Considerando o exposto anteriormente, deve-se notar também que o sentimento anti-judaico na peça não é racista, mas econômico e teológico. Em primeiro lugar, uma leitura atenta ilustra que Shylock é detestado principalmente por sua prática de usura e não pela prática de sua fé. Na medida em que o judaísmo é mencionado, ele é considerado em termos religiosos, não raciais. Os judeus são vistos como errados em sua recusa em aceitar a divindade de Cristo, uma perspectiva teológica honesta que não constitui anti-semitismo. Quando a filha de Shylock, Jessica, foge com Lourenço e se torna cristã, ela é abraçada e aceita. Somos informados de que seu "sangue" é tão semelhante ao de Shylock como o é vinho tinto com o branco, indicativo de uma perspectiva não racial no que diz respeito às diferenças entre cristãos e judeus.
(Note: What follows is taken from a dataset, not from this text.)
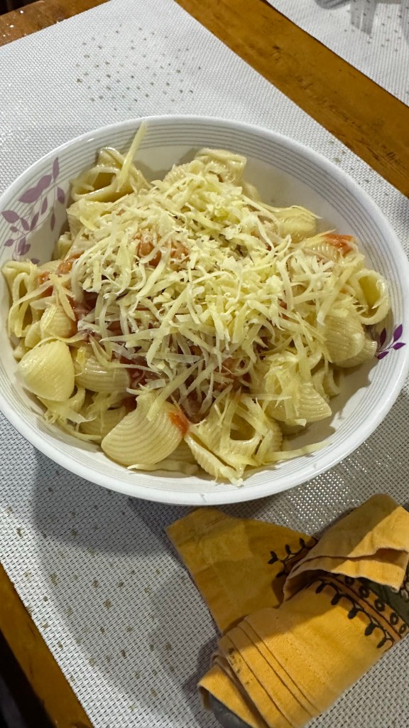 We dropped our bags of unwashed clothes and smelly sleeping bags before heading to the dining hall. The place was nearly empty with only a couple other trekkers on their way up. This did not discourage the unbelievable staff with their kind hearts. The girls were greeted with a warm smile and a small pack of Oreos as we sat down at a table. A round of steaming face clothes were soon present and it felt euphoric. The fireplace was already lit and the lodge was warm. Macaroni and pizza completed our dinner as we curled up by the fire for the remainder of the evening.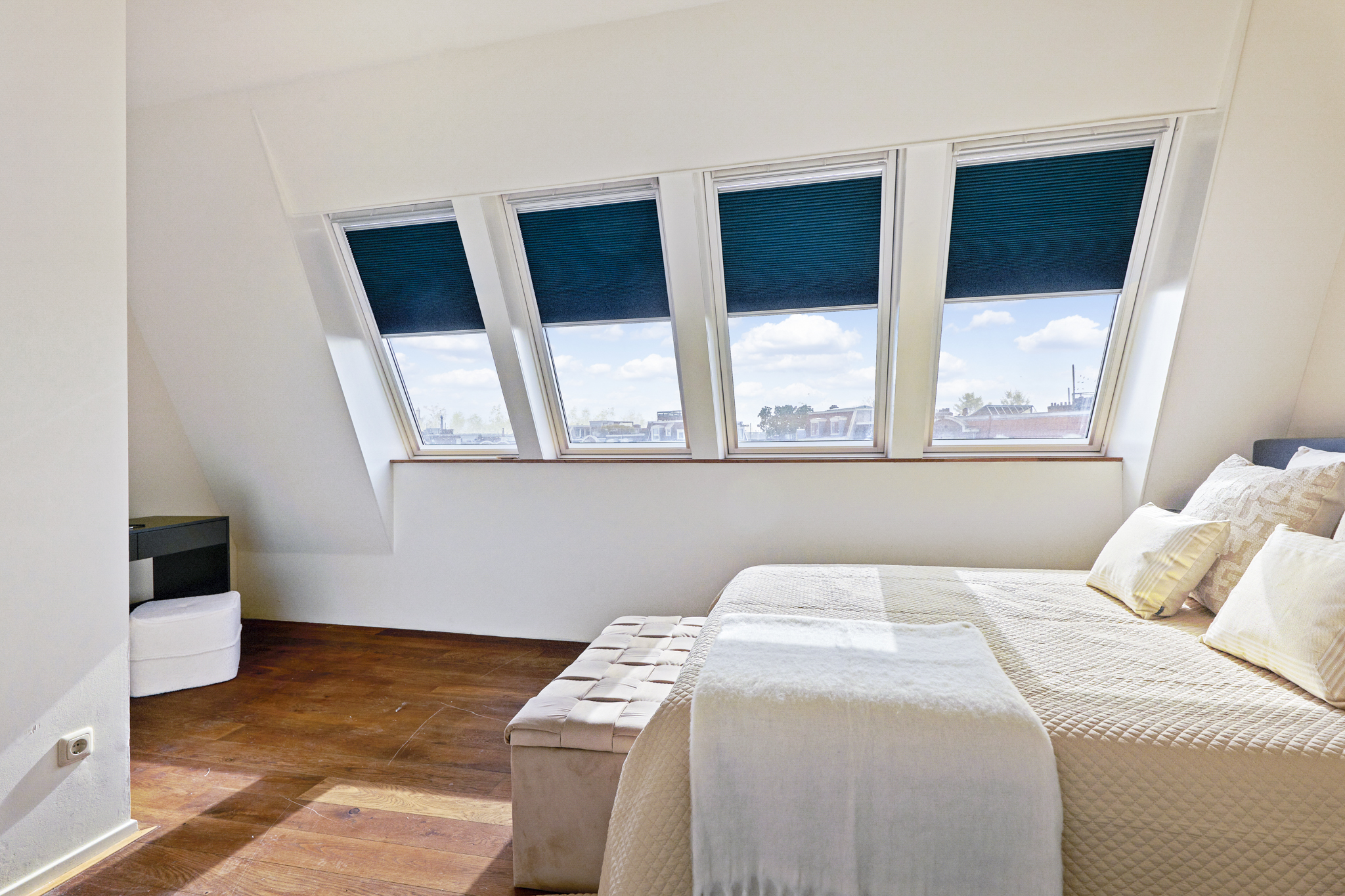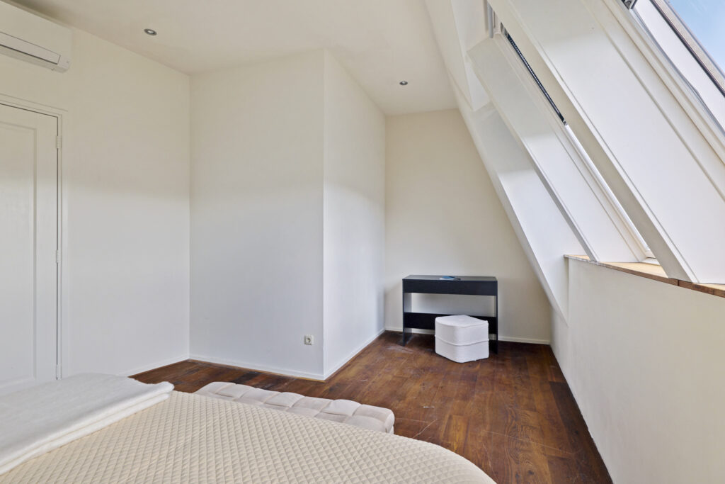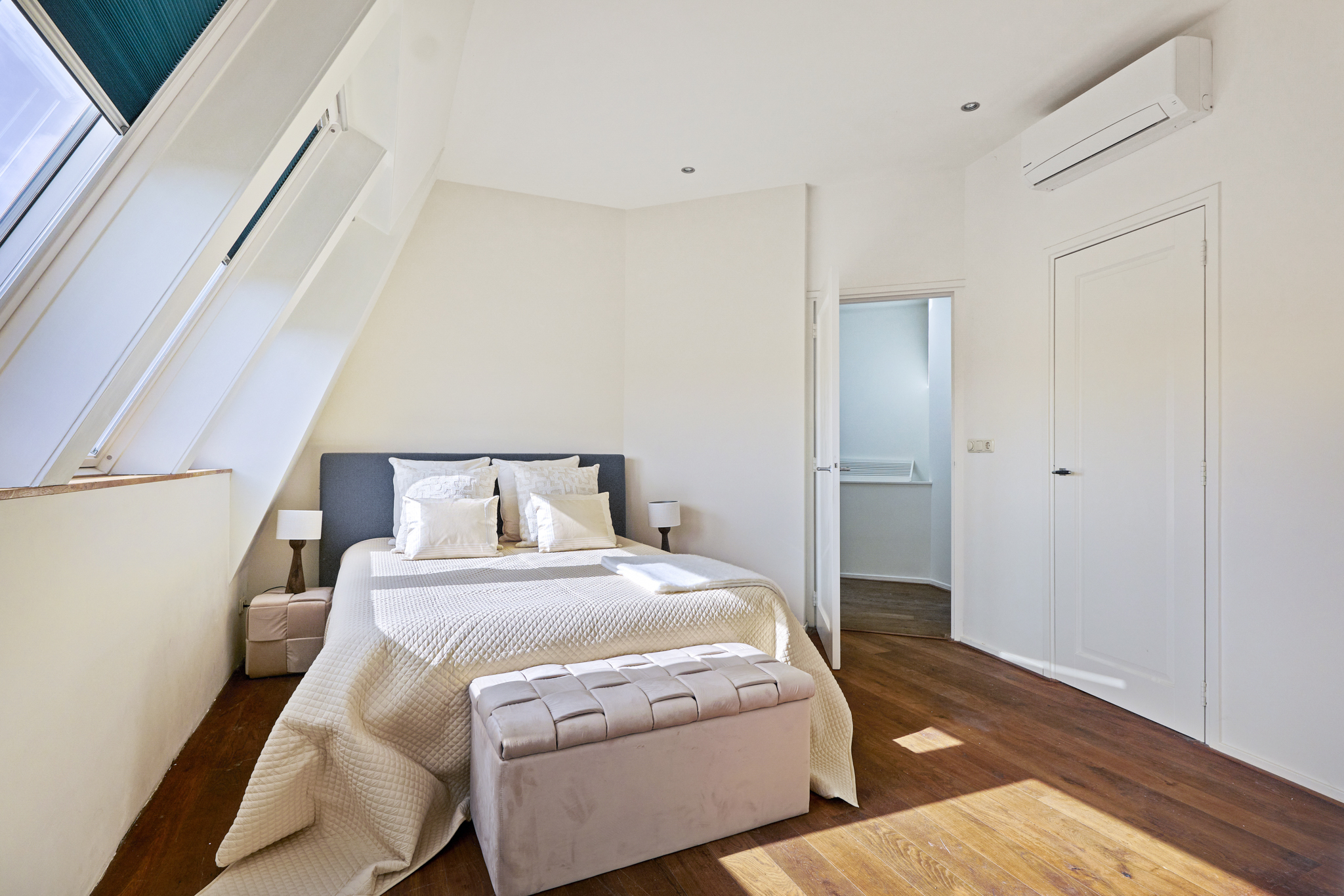 Aan de voorzijde treft u de master bedroom met airco, voorzien van maar liefst vier grote veluxramen, waardoor de ruimte veel licht en een breed uitzicht geniet. Naast de slaapkamer treft u een walk-in-closet met vele kasten en bergruimte.

Por fim vamos comparar o personagem de Shylock com dois personagens igualmente mesquinhos nas obras de Charles Dickens, um dos quais é cristão e o outro judeu. Ebenezer Scrooge é uma figura tão central em Um Conto de Natal - baixar aquique não sentiríamos que a obra havia sido violada indevidamente se recebesse o novo título de "O Avarento"(2). Por outro lado, a figura de Fagin em Oliver Twist - baixar aqui - não é um personagem central, embora importante, o que tornaria a mudança do título para "A Tragédia de Fagin" um absurdo. Shylock tem mais em comum com Fagin do que com Scrooge(3). Ele não é o personagem central da peça, nem está presente em nada além de um sentido periférico em dois dos três pontos focais da trama. Ele precisa ser colocado em seu lugar para que possamos ver a comédia que Shakespeare escreveu e não a caricatura da tragédia que os críticos erigiram em seu lugar.

Por: Joseph Pearce

Original em inglês: Crisis Magazine


Notas:

(1) - Shylock, um judeu rico e agiota, pai de Jéssica

(2) - N.T.: A bem da verdade, em Portugal o conto teve como um de seus títulos "O Natal do Avarento"

(3) - Scrooge, um rabugento homem de negócios em Londres, sovina, solitário, sem sentimentos, sem nenhuma compaixão, fechado para o mundo, sem laços familiares, só pensa no lucro, só pensa em realizar bons negócios.